Lucent also must raise at least $2.5 billion to complete its spin-off of its Agere Systems Inc. (AGRA). Under proposed credit facility amendments filed by Lucent Wednesday with the Securities and Exchange Commission, the company would have to raise a significant amount of additional liquidity to sell its remaining Agere stake.
In the filing, Lucent said it expects to generate a "substantial" portion of the required liquidity by selling its optical fiber business, its Oklahoma and Ohio manufacturing operations, and its convertible preferred stock offering.
"This funding is likely to fill up the remaining funding gap they have given current restructuring plan," said Kusuma, noting that cash accounts for $2 billion of the charges.
Cash Isn't King Beyond concern about Lucent's financial conditions, convertible investors were also worried about covenants in the current credit facility that would prohibit holders of the securities from being paid their dividends in cash.
In Wednesday's SEC filing, Lucent said it was seeking consent to pay cash dividends on its preferred stock. Otherwise, investors would be paid in stock.

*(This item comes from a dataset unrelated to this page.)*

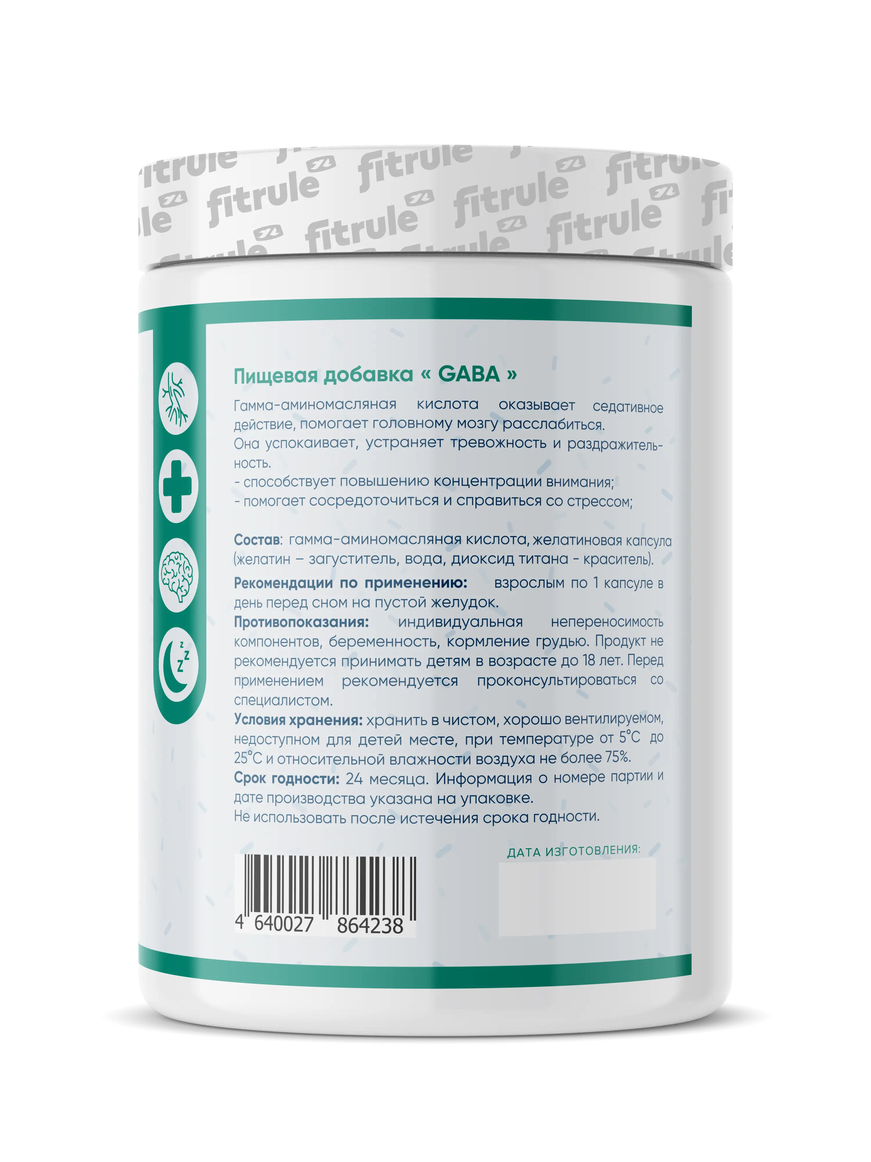 Fitrule GABA – это гамма-аминомасляная кислота, ноотроп. ГАМК (GABA) является тормозным нейромедиатором в организме и отвечает за снижение активность центральной нервной системы.

In a conference call with institutional investors Wednesday, a Lucent spokesman expressed what one investor called a "fairly high level of confidence" that banks would allow for dividends to be paid in cash, and that it will be resolved "fairly quickly." But the investor, a hedge fund manager, said he wasn't too concerned about the restriction, saying, "we'll get our money in one form or another." Lucent spokeswoman Michelle Davidson declined to comment on the convertible offering. She also declined comment on the specifics of the credit facility, saying only that Lucent believes it will be able to amend it.